Dress codes have always mystified me. Granted, I don't keep a wide variety of clothing in my makeshift closet, but I don't think I could fit in everywhere. There's something called “smart casual” (as opposed to “dumb casual, I suppose) which includes a blazer or sports jacket. Now to me, a blazer suggests perhaps becoming a TV anchorman, but not really casual. And “informal” includes “business attire” which requires a business suit and a tie. Maybe my rural midwestern upbringing has messed me up, but how does anything involving the wearing of a suit and tie fit into “informal” wear?

I started thinking about all this when I ran across a story about a Swiss bank and its dress code. The bank is UBS and the dress code is 44 pages long. OK, not exactly. Until January it was 44 pages long. Then the bank officials got tired of being made fun of by people all across the world, so they decided to whittle it down to a small booklet. It seemed that the bank wanted to control how all of their employees looked and smelled right down to the color of their underwear (skin-tone). And having run my own business, I do understand that looking “professional” means something very different to certain employees. But these folks were getting pickier than the father of a teenage girl.

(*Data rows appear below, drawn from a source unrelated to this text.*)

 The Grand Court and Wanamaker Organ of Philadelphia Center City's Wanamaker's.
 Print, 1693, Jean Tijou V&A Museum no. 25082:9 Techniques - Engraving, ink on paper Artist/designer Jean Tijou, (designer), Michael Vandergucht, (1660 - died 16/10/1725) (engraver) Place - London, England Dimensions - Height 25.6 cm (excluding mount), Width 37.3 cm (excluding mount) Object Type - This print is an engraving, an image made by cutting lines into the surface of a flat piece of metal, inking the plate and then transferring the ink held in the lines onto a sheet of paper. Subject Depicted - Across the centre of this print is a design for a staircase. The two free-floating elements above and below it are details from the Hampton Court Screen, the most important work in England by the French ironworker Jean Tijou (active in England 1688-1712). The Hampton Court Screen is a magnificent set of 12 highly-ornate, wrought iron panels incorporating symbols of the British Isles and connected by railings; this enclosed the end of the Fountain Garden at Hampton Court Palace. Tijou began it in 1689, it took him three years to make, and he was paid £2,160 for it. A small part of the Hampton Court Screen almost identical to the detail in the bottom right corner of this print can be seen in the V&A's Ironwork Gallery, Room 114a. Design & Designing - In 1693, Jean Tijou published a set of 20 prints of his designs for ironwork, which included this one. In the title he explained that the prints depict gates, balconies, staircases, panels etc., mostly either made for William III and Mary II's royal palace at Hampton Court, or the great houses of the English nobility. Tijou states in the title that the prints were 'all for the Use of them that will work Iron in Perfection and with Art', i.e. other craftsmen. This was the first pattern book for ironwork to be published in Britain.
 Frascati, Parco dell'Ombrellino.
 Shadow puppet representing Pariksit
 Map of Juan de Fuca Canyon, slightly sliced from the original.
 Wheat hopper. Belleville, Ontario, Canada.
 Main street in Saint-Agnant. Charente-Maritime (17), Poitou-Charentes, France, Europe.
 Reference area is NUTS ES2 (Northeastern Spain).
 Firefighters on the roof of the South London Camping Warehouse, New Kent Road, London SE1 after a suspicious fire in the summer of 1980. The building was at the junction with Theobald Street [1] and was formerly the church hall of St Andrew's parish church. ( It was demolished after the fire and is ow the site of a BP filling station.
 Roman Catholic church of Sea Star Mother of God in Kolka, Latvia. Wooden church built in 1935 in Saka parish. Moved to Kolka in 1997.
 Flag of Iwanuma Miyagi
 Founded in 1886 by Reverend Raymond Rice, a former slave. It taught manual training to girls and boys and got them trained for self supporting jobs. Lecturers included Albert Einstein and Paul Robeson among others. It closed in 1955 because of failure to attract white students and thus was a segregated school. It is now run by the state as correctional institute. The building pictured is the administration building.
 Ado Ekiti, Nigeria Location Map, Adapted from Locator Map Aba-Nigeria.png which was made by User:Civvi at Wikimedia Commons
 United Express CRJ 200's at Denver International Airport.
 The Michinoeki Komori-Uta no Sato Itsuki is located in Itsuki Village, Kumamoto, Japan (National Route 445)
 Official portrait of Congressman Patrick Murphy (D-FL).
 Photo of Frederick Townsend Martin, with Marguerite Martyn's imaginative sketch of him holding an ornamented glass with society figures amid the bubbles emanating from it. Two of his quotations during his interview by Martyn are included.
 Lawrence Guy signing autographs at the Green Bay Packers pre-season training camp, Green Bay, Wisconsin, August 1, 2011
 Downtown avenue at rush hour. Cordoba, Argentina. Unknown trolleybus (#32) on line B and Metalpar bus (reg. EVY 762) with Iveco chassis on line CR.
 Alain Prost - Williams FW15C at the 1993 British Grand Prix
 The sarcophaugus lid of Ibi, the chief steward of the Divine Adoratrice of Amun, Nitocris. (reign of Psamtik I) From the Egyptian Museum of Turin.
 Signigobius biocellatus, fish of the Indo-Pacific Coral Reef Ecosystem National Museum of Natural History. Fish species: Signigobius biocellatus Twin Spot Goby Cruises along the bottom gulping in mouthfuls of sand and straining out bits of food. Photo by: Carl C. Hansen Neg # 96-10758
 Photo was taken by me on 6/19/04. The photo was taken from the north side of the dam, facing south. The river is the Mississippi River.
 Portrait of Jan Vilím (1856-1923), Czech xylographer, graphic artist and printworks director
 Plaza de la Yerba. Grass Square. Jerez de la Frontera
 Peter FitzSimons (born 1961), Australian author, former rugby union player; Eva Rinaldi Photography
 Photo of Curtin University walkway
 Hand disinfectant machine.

How we dress has certainly changed over the years. When I was a child, few men would even think about attending church without a necktie. (That could be why fewer men attended services.) Women wouldn't dream of wearing slacks to sit in the pews. We were taught to dress out of respect to God. Of course for many, they dressed to attract attention with their new clothes, but you get the idea. Now many churches stress the condition of the heart rather than the condition of the wardrobe.

In business, the dress code depends on the type of outlet. In factories, safety equipment is the main concern, but elsewhere these codes dictate how people dress. I worked in radio for ten years back in the 1980s. Now you would think if there was one business where it wouldn't matter what you wear it would be radio, right? PEOPLE CAN'T SEE YOU. However, there was usually a business office attached to the studio complex at radio stations, so management always wanted these young disc jockeys to look “professional” if they were on the job during any business hours. Which meant that if I worked from 4 p.m. until midnight, I would have to dress appropriately because someone might see me during that one hour that my schedule overlapped with the business folks.

At some point my laundry didn't get finished, and I faced having to go to work with no clean dress pants. Rather than wearing dirty pants, I slipped on a pair of jeans with my dress shirt and put on a tie. I was a little nervous going into work in jeans, but I soon found that no one noticed my jeans because everyone was impressed I had worn a tie. I got more compliments on my attire that day than in the previous six months combined. So when I was in management, I passed this little trick onto other young men with a limited number of dress pants. No one ever noticed the jeans. It worked every time.

So perhaps the secret to proper dress is not skin-tone underwear, but delivering a good focus -- a tie, a beautiful hat, or whatever is kicking around in your closet. Make sure it's tasteful to more than just people your own age, then strut your stuff with pride. Just be careful around the farm animals.